Politics dressed up as law

The Royal Courts of Justice, London (picture Michael Reeve)

As this blog predicted, the attempt by Stuart Wheeler to force a referendum on the Lisbon treaty has been rebuffed by the courts. (The original story is told here.)

You can read the judgment here or you can follow my summary below.

The case brought by Stuart Wheeler argued that the previous government commitment to hold a referendum on the Constitutional Treaty gave rise to a “legitimate expectation” that there should be a referendum on the Lisbon treaty instead. The original terms of the claim – calling directly for a referendum – had had to be amended because the decision as to whether or not to hold a referendum is a legislative one, taken by Parliament, and not an executive one taken by the government. The courts cannot order Parliament to pass a referendum bill, so all the claimant could hope for was a declaration from the court that there ought to be a referendum, not an instruction that there should be one. The fact that the former is so similar to the latter is one of the reasons given for rejecting the claim: even if it was soundly based, it was unsatisfiable.

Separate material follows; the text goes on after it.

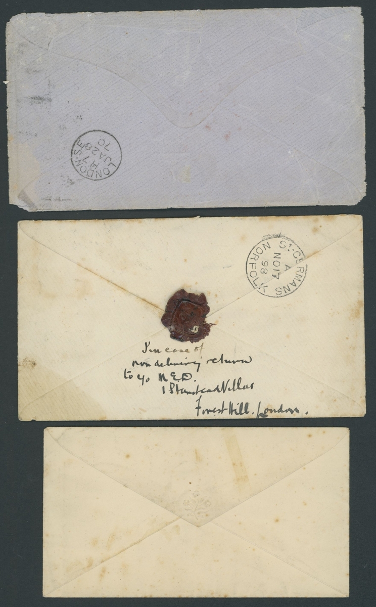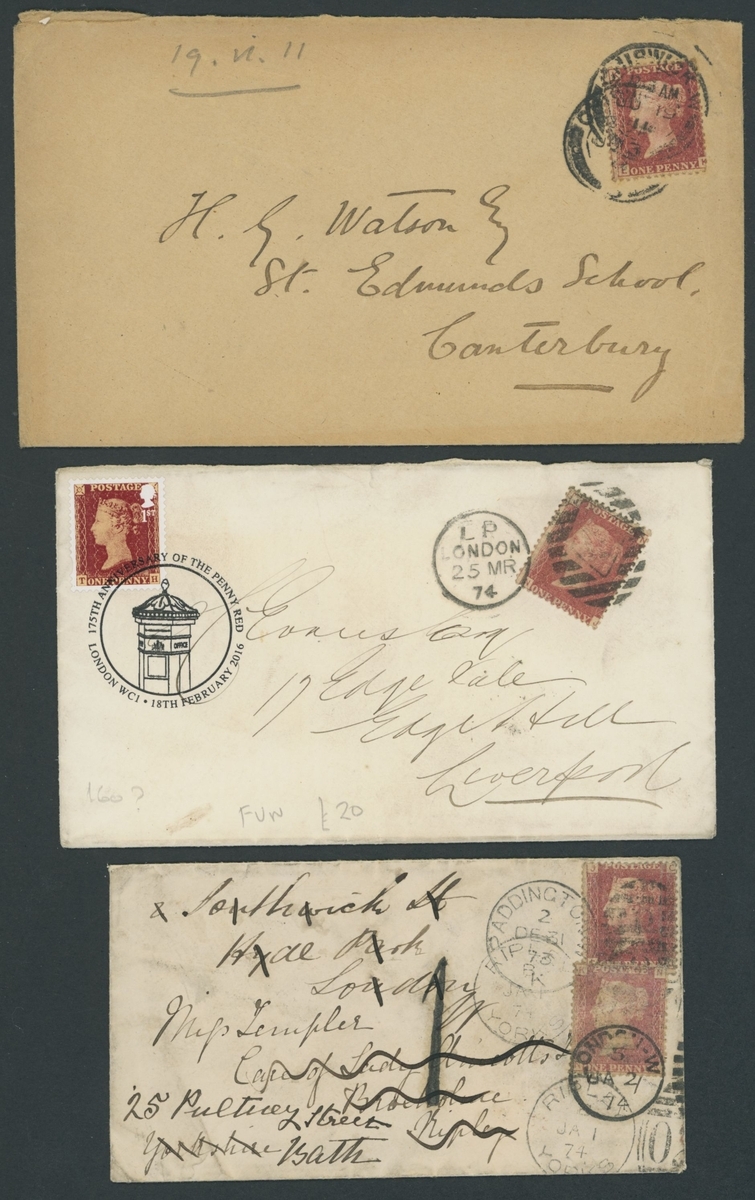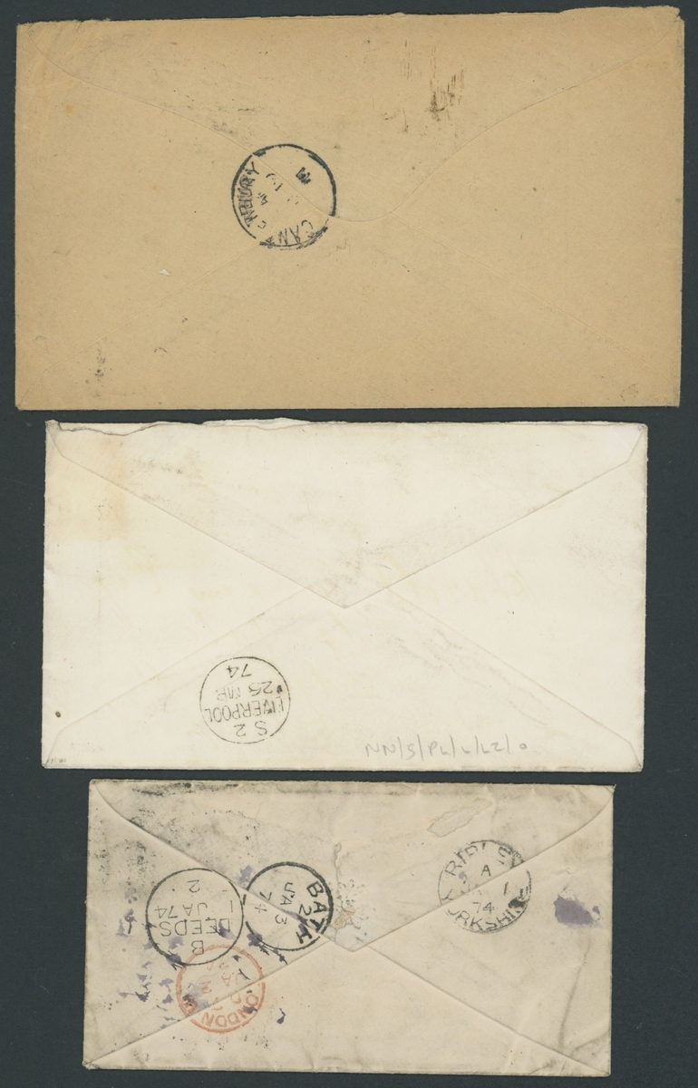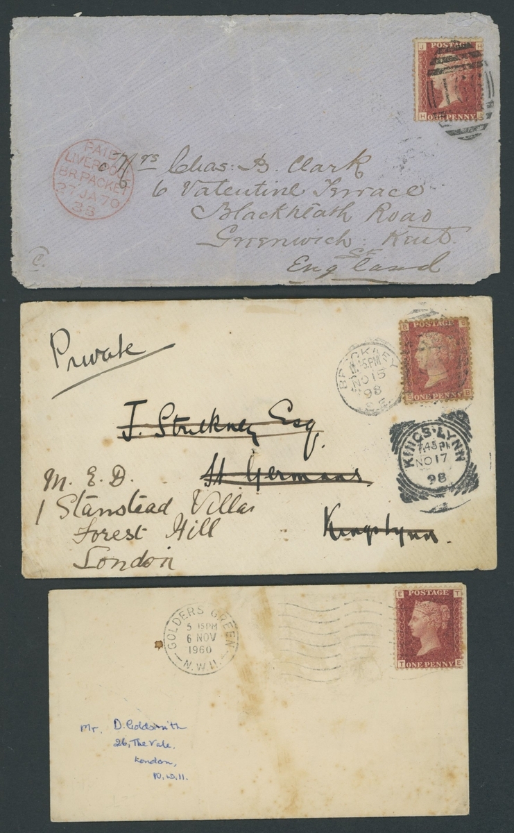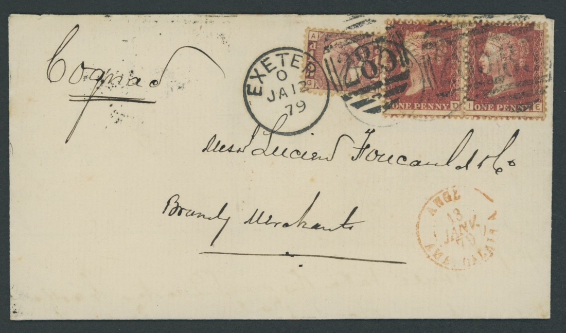Selection of eleven items, including Plate 90 with "A18" cancellation of Antigua, Plate 98  on 1893 envelope to Kings Lynn, re-directed to London, Plate 117 on 1960 envelope from Golders Green, Plate 144 with "610" (Scilly Islands) barred oval, Plate 151 and 163 on envelope three times re-directed, Plate 195 pair with ½d. Plate 14 on Wine Merchants entire with engraving of a bunch of grapes on the interior, to Cognac, etc.,  good to fine

And it was not soundly based. The government had been very clear in its statements all along to distinguish between the two ratification processes for the Constitutional Treaty and for its successor. The court found that the differences between the two treaties were not immaterial, as a matter of law. Reference made by both claimant and defendant to other opinions on this question, arguing for and against, led the judgment to conclude that the existence of these varied opinions meant that the underlying issue was political and not legal in nature and that the court was ill-suited to making such political decisions. It was for Parliament to make decisions of this kind, and had duly decided against holding a referendum.

It is welcome that the principle of the separation of powers has been upheld. To have taken effect, Stuart Wheeler’s case depended on the High Court instructing MPs on how to vote in the House of Commons. Surely not even a Eurosceptic could think that the passage of the Lisbon treaty could be as bad as that.